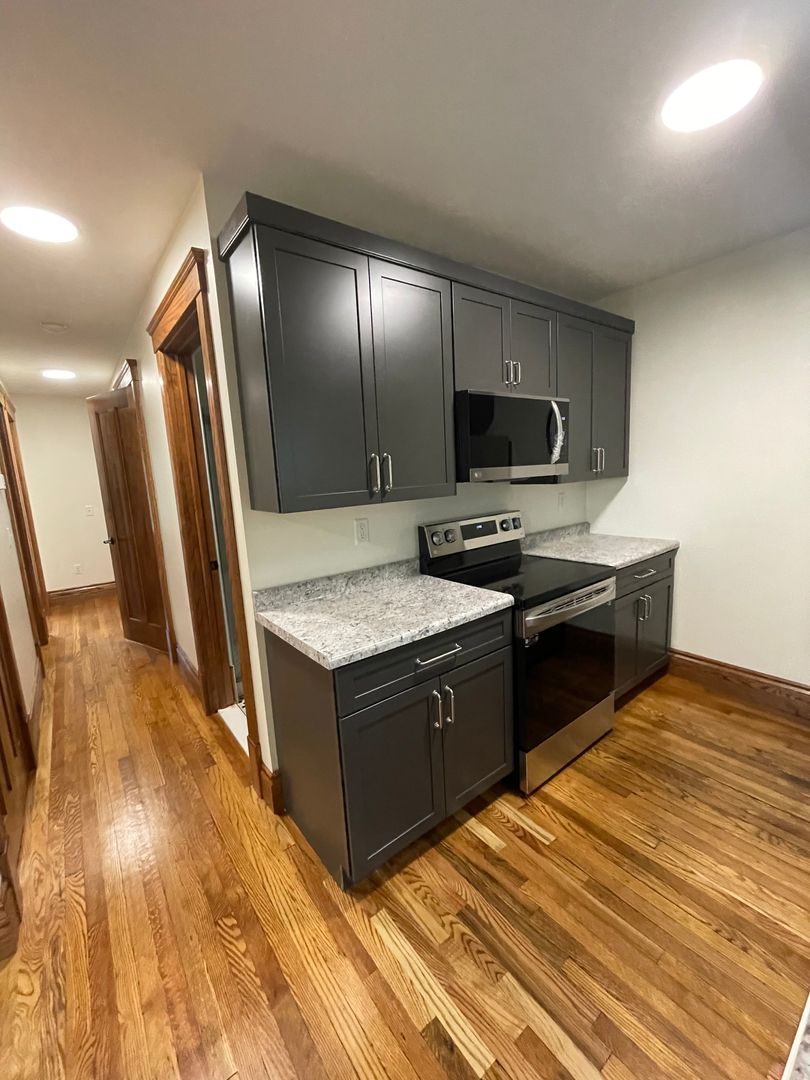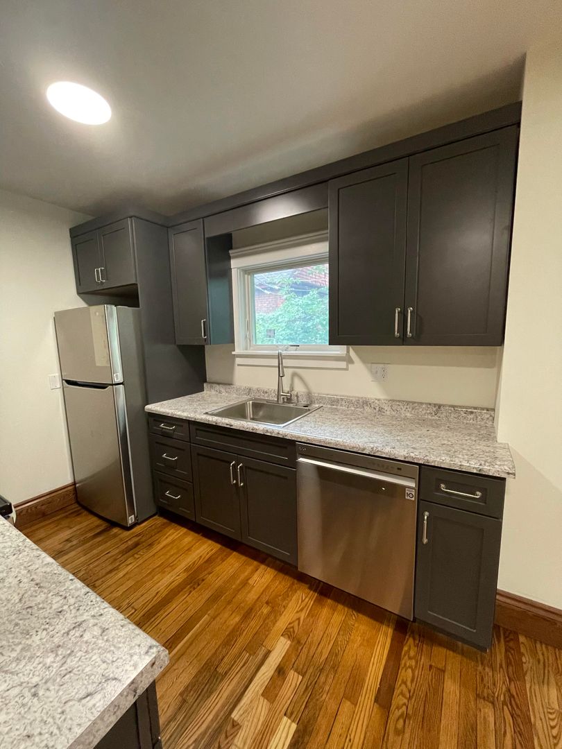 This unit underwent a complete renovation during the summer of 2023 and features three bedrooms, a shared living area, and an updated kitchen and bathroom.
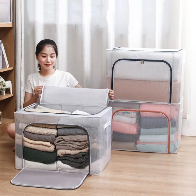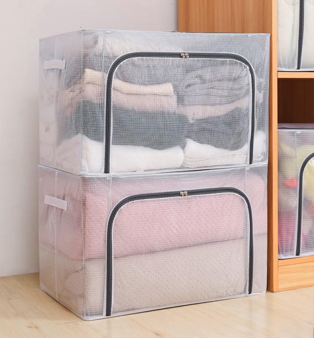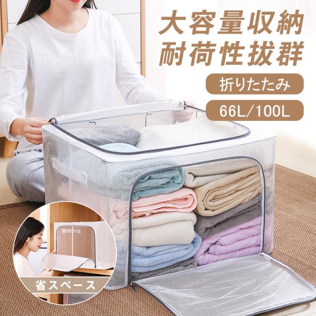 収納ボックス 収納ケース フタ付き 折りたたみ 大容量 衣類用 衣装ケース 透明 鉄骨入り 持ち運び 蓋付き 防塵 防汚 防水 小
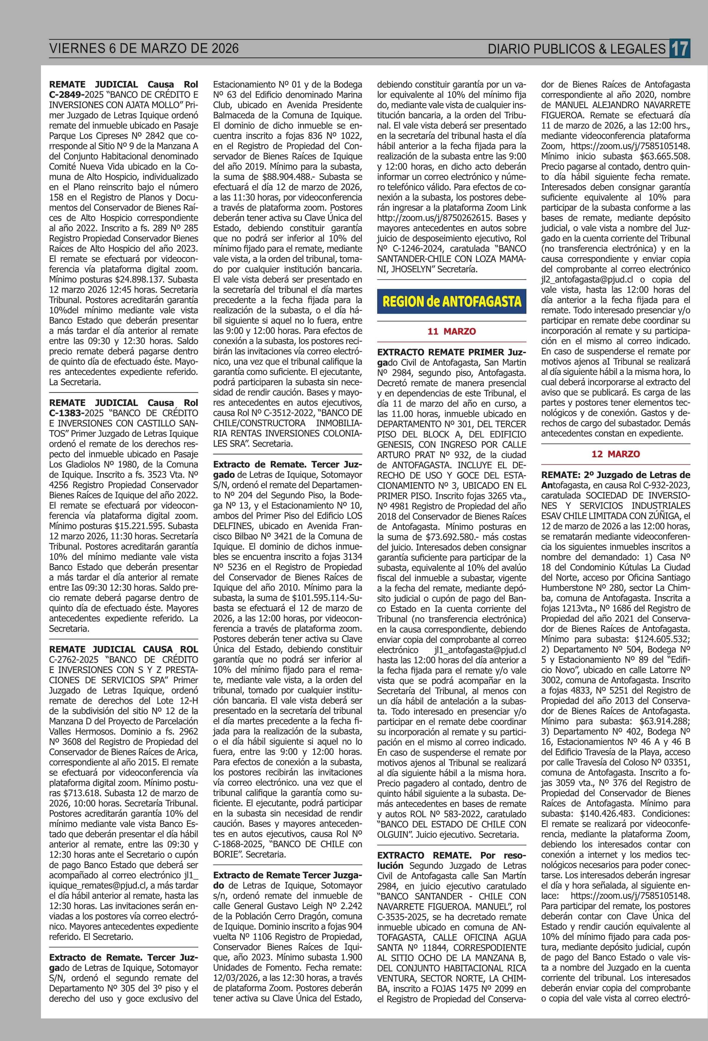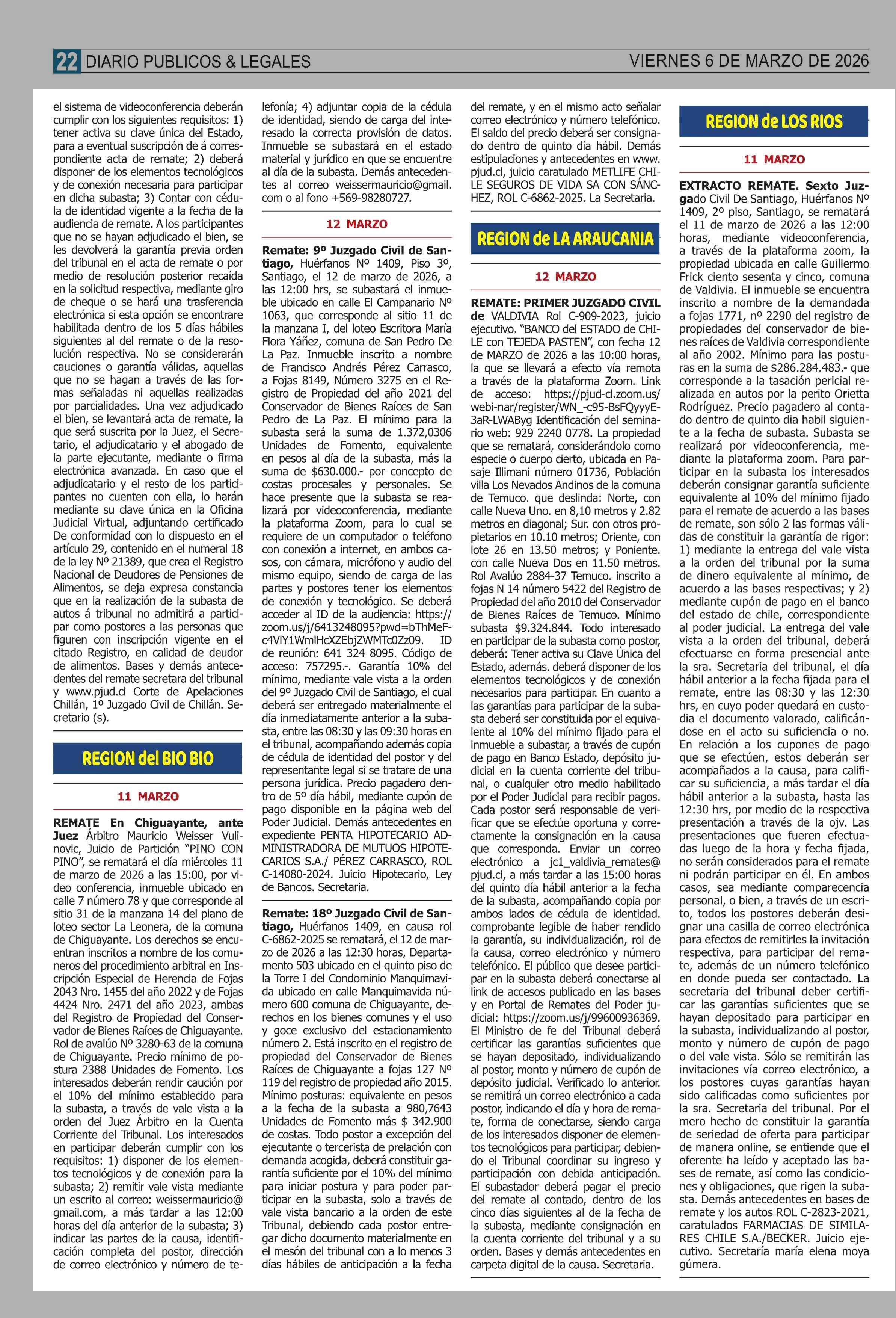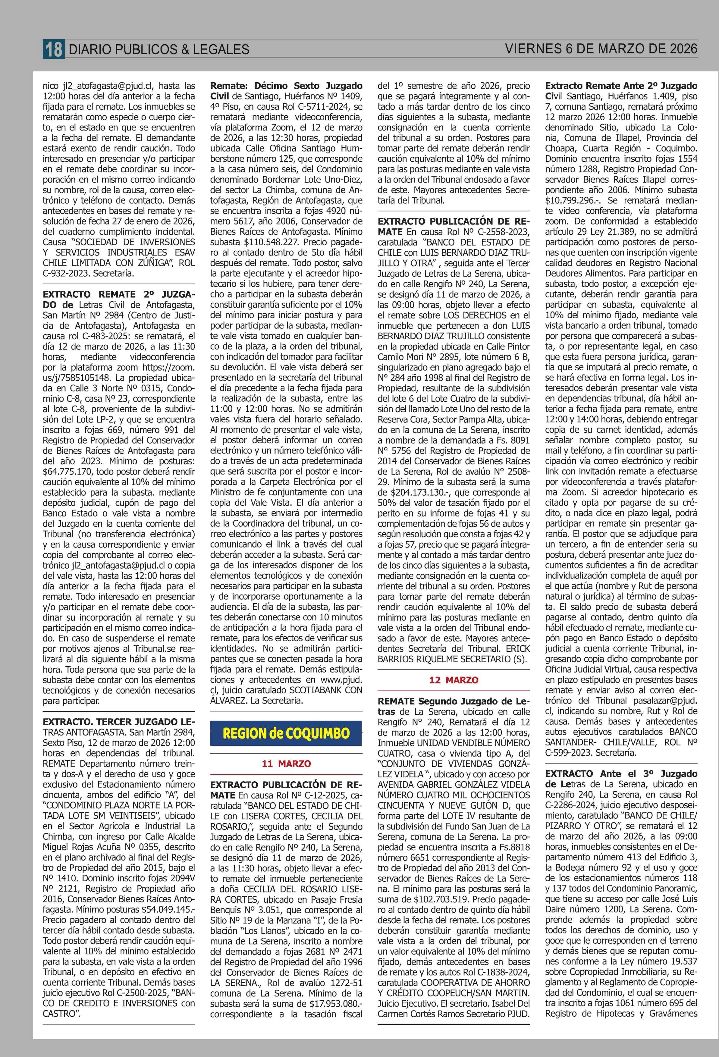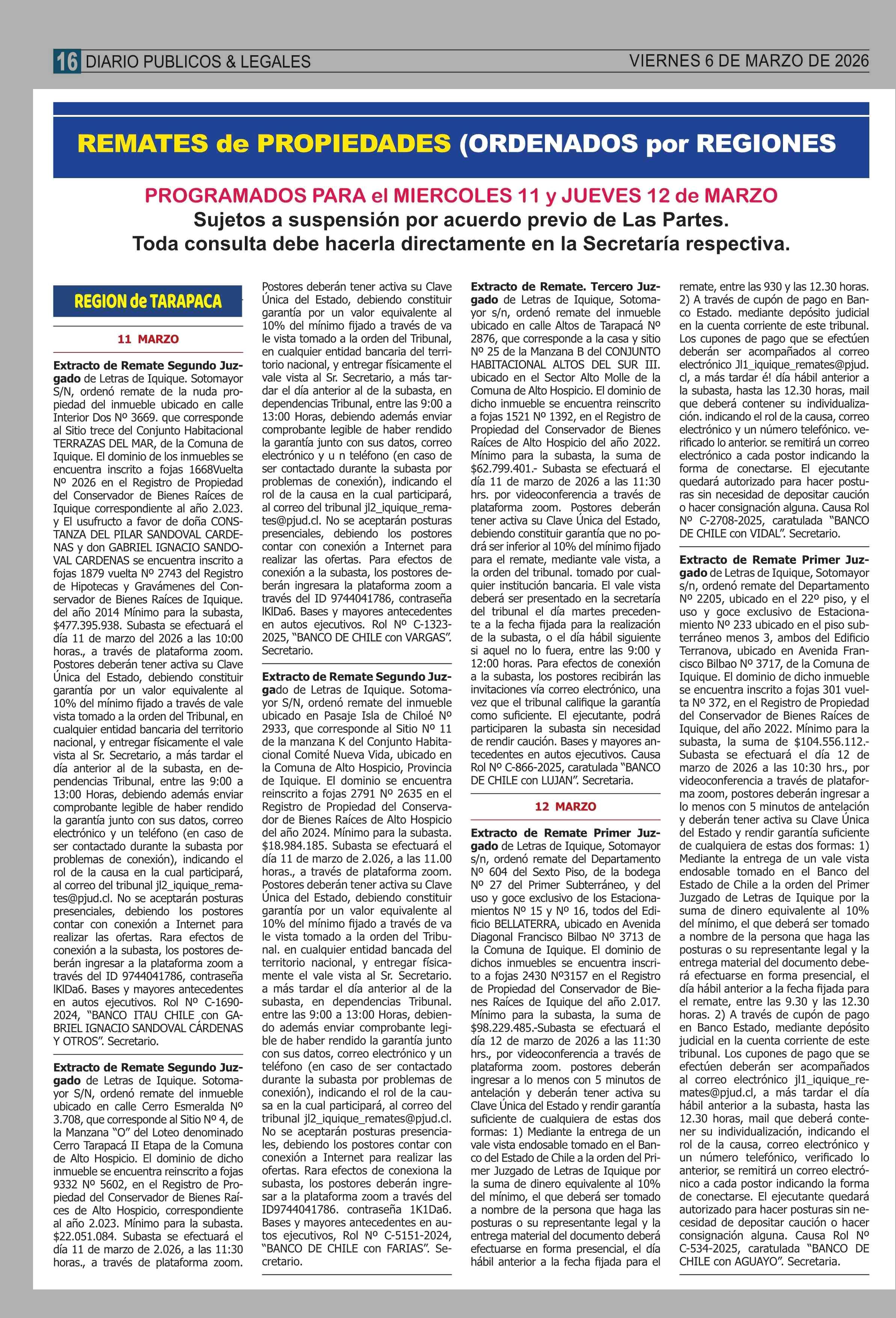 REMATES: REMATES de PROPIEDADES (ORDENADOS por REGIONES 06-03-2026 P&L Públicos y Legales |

——————

* EXERCISE PROMPT
Exact copy, no images: rewrite the entire listing above.

* EXERCISE ANSWER
 This unit underwent a complete renovation during the summer of 2023 and features three bedrooms, a shared living area, and an updated kitchen and bathroom.
 収納ボックス 収納ケース フタ付き 折りたたみ 大容量 衣類用 衣装ケース 透明 鉄骨入り 持ち運び 蓋付き 防塵 防汚 防水 小
 REMATES: REMATES de PROPIEDADES (ORDENADOS por REGIONES 06-03-2026 P&L Públicos y Legales |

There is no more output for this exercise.